In this blogposting…
Now - get to it…
...took place as planned last Wednesday 26 January. I think it would probably be fair to say that the turn-out was modest but lively; what else would you expect from Hildie, Linda and me?
Of course, the rain didn’t help matters. Rather than lazily slurp our coffees outside in the sunshine that normally accompanies an AGM, we had to scrunch up inside Pret, balanced tightly and unsteadily on high stools. Eventually, the unaccustomed indignity got the better of us and we withdrew indoors (as they used to say) - to Grainger Market, in fact.
We found a nice open area with a few cafes and (and I very much regret having to say this) caused mayhem at one of them; Oliver’s, I think it was called. A childish indecision about which cake to have (or, in my case, which sauce to have on my sausage sandwich) quickly reduced any pretence we may have had to middle-class, middle-aged dignity to ashes. I blame Hildie and Linda, naturally. I reckon they put something in the lemon meringues at Oliver’s.
Or perhaps it’s in the HP sauce.
In any case, the paucity of numbers was made up for easily by the usual, unstoppable pleasure of the occasion. A splendid time was had by all three!
And a venue was found for the next AGM. The coffee and comestibles were satisfyingly good to eat - as well as inexpensive (an essential quality in these straitened times).

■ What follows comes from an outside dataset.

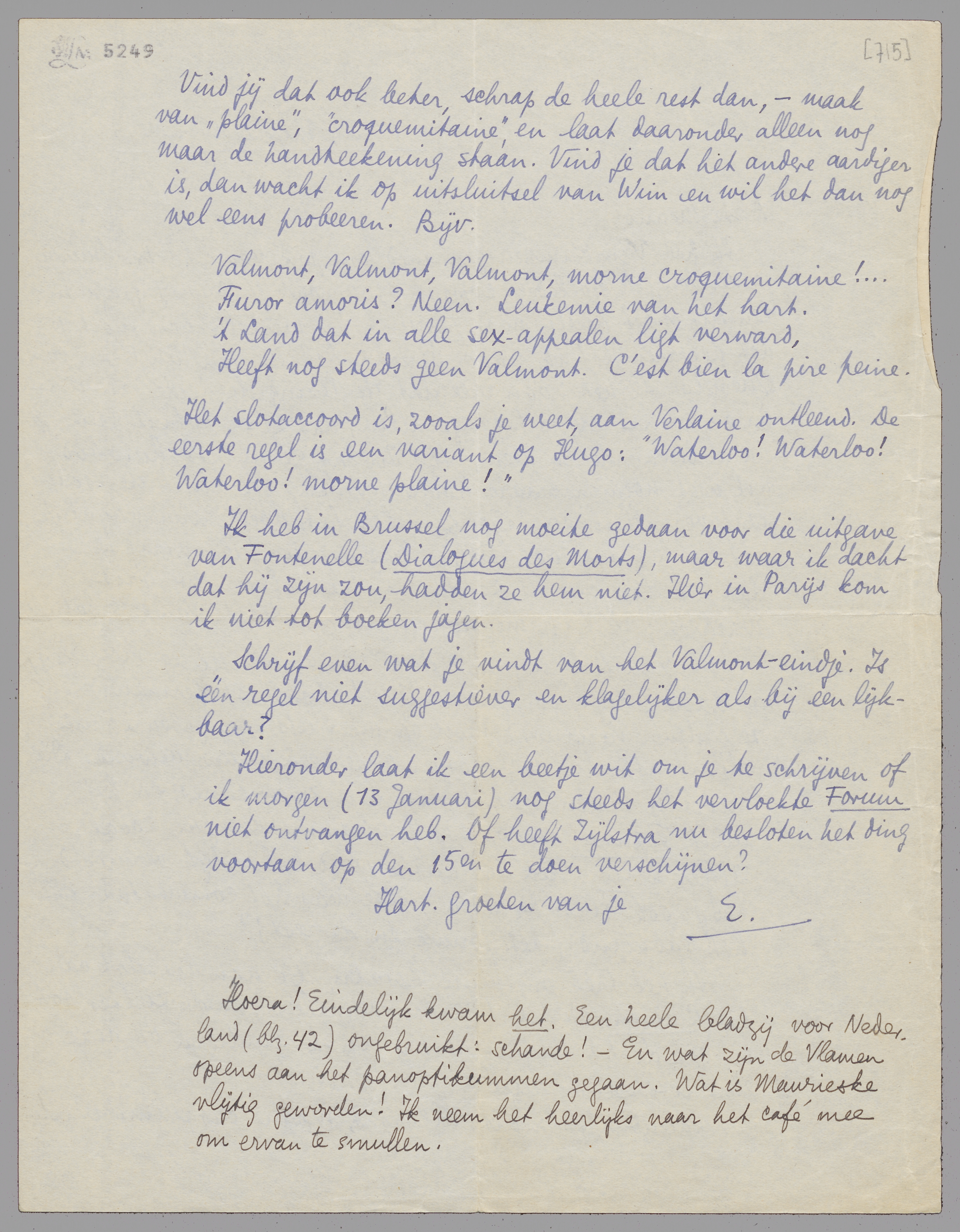 Ik heb Van Kampen gevraagd om jou vóór 1 Febr. Ducroo te zenden (de volledige copy), z.g. omdat je er nog fragmenten uit moet halen voor Forum. In werkelijkheid moet je het bewaren tot ik nader bericht heb èn van Van K. èn van Querido. Ik heb zoo'n idee dat de lezing de beide Van K.s - pa en zoon - erg is tegengevallen, dat ze er totaal geen handelswaarde in zien, etc. In dat geval zal hun bod wel niet noemenswaard hooger worden, ook als ik de essays laat vervallen, en krijgt Q. zeker het boek. Waarschijnlijk zal hij het dan ook willen lezen; misschien vraag ik je dan het aan hem te zenden. - Maar laten we eerst wachten; ik kan me nog vergissen wat de Van K.s betreft.

For me, the clincher is the nearness of Newcastle’s best cheese shop just a matter of yards away.
As the AGM ended, I took the liberty of distributing samples of my all-time favourite French cheese. It’s called vacherin; so far, I’ve had no reaction from either Hildie or Linda. I’m not sure of that’s a good thing or a bad thing.
Time will tell.
While I was in Newcastle last week, I noticed something that reminded me very strongly of my days at the BBC. It was a newspaper-seller’s placard…
In many ways, I suppose I was out of my depth by several fathoms when I worked at the Pink Palace. It had never been my ambition to be a radio presenter; I kind of ‘reversed’ into the job and realised almost at once that I was working amongst some extremely talented and unusually creative people, journalists to a man (or woman).

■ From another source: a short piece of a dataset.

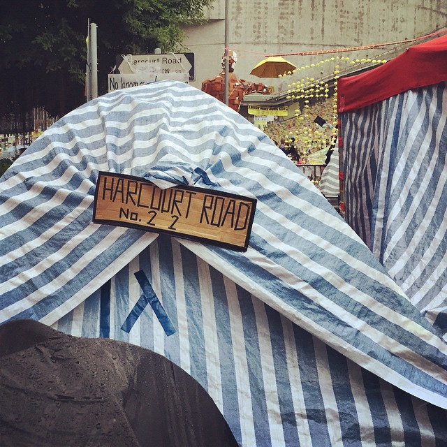 A live OccupyHK art installation on HarcourtRoad at Admiralty. Protesters with yellow umbrellas form the shape of a big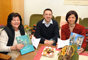 Festeggiata la 150a coppia del progetto di Volontariato per le lingue: da sx Monika Tribus, il vicepresidente Christian Tommasini, e Paola Barbieri (FOTO: USP/A.Pertl)

Of course, a journalist’s greatest gift and asset is his/her ‘way with words’; which words to use and which order to put them in. This gift of words is known as ‘journalese’ and is seen to the best effect in newspapers, whose hacks and editors have developed a language which is virtually unique to the trade.
I can remember a wonderful conversation I had with a BBC journalist at Radio Newcastle; he had worked on newspapers and we had great fun dissecting journalese…
A policeman is a ‘cop’. A robbery is a ‘heist’. An investigation is a ‘probe’. A suspect isn’t questioned, he’s ‘quizzed’. A sexual indiscretion is a ‘romp’. Celebrities are ‘slebs’ who never divorce; they have ‘breakups’, or ‘dump’ each other. Newspapers talk of ‘quakes’ that ‘rock’ cities and towns. Unexpected bad news is always a ‘bombshell’.
I’m sure you can think of many more.
But the placard I saw in Newcastle reminded me of a specialised journalistic skill which, although dying out generally, is still very much alive and well here in the north-east - the much admired art of the placard writer, who must encapsulate a headlining story as succinctly and as obviously as possible.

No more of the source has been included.